LoadFighters: your reliable assistant in high-load & big data projects
The Admixer team has extensive experience in building high-load systems that process billions of transactions in real time. The application of such systems goes far beyond the advertising industry and can be used by many verticals. We want to share our experience and insights on how companies can build a reliable high-load system for their business and save resources at the same time.
Trends & Problems
The last decade has seen the transfer of infrastructure to clouds and the development of cloud technologies. Clouds are perfect for both startups and a wide range of Enterprise clients. they eliminate the need to build and maintain their infrastructure and DevOps team and have ready-made PaaS & SaaS solutions.
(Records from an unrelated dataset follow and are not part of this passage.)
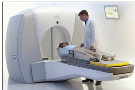
Gamma Knife Perfexion (Columbia)
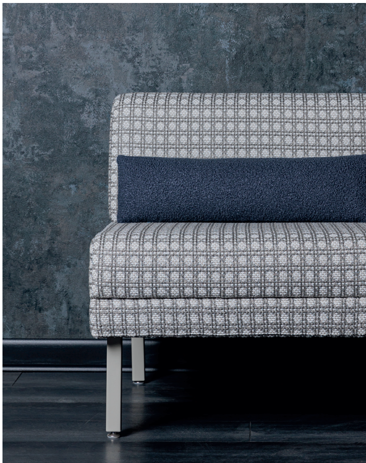
V111-09 LONA - BLACK LAVA, 1345-01 FILBERT - PALETTE KNIFE, 7303-16 HUDDLE - CHARCOAL BLUE

The Brentano Design Studio, led by Iris Wang, has grown from a modest eight patterns in 1990, into an international source for residential, hospitality and commercial fabrics and wallcoverings. The range has expanded to include luxurious vegan leathers, sophisticated indoor/outdoor choices, dynamic stain resistant and easy clean finish options, as well as a beautiful collection of eco-friendly textiles.
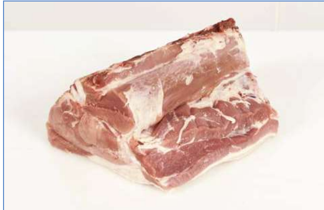
2 The fillet section (lumbar) of the loin is used for this cut.
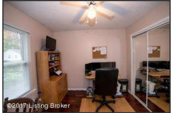
The first bedroom features a window, mirrored, sliding door closet, rich hardwood flooring and an overhead light fixture
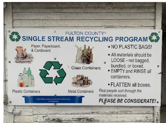
Figure 1 Sign detailing acceptable recycling materials. Note glass is not accepted.
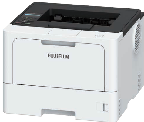
ApeosPrint 4620 SDW
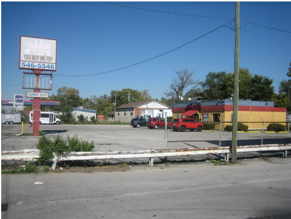
Adjacent commercial restaurant to the north.
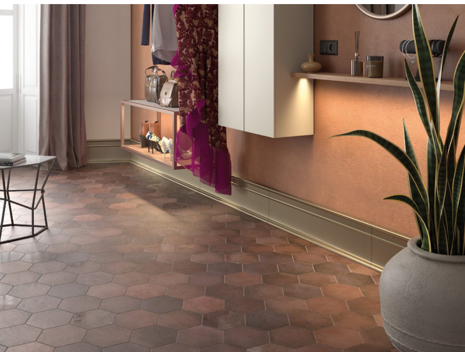
Heritage Wine 17,5 x 20 cm / 7" x 8"
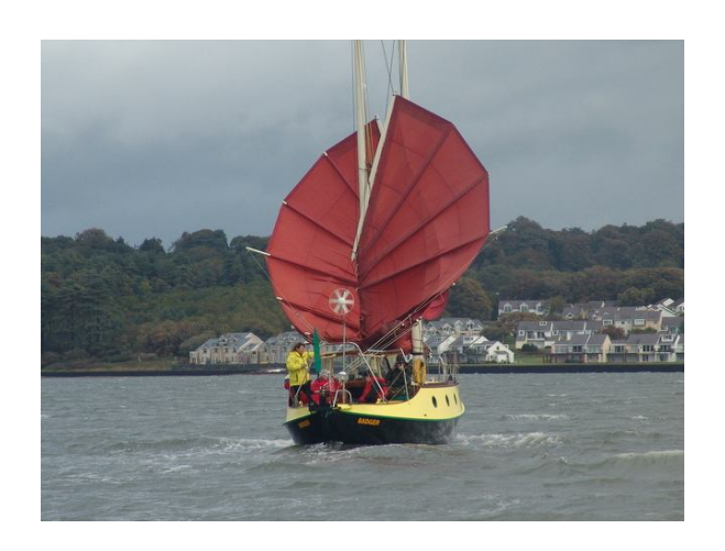
Badger sailing wing and wong
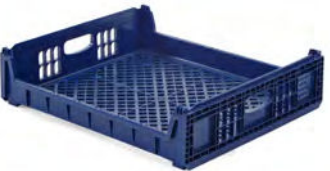
26" x 22" | BREAD BASKET OD 25.9 x 21.8 x 5.9 ID 24.5 x 20.8 x 5.9 3.6 lbs - 3,168 Max TL NPL 640
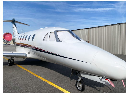
Cessna 650 Cockpit Heatshields (set of 6)
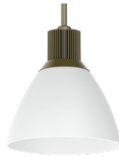
DP12XT AC - Anodic Champagne
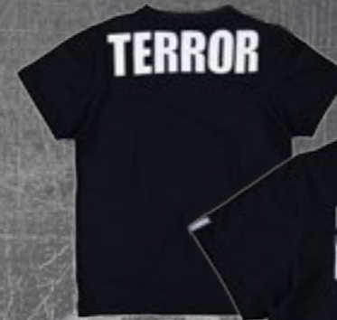
T-SHIRT ART.NR.: 805-039-050 SIZE: S-M-L-XL-XXL-XXXL
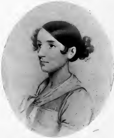
Matilda Hoffman By Edward Greene Malbone Page 156
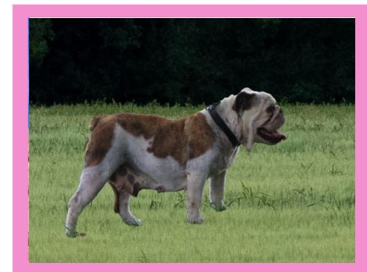
Keeper (English Bulldog)

They are often able to work according to the Pay As You Go model.
However, cloud technologies are characterized by:
- the high cost of network traffic;
- insufficient optimization on PaaS solutions for specific tasks;
- poor comparability of capacities in the cloud and real physical servers.
Consequently, a considerable cost increase of cloud infrastructure and emergent restrictions is highly noticeable for High Load & Big-Data projects.
Our team has come a long way from using the cloud to its On-Premise platform, which combines the flexibility and low cost of On-Premise with the reliability of the cloud. This allowed us not only to decrease technical costs exponentially but gave rise to the successful construction of High Load & Big Data projects, such as Admixer Advertising Exchange.
Admixer is an AdTech vendor that provides a range of ad management products for brands, advertising agencies, and publishers: an ad-buying platform (DSP), advertising exchange (AdEx), products for media holdings, and site owners.
All of the above products have the exact mechanism – the platform determines who to show which ads to, conducts a price auction and provides a billing mechanism for all participants in the transaction. The cost calculation carries out in real-time based on advertising events (such as showing ads, clicks on ads, etc).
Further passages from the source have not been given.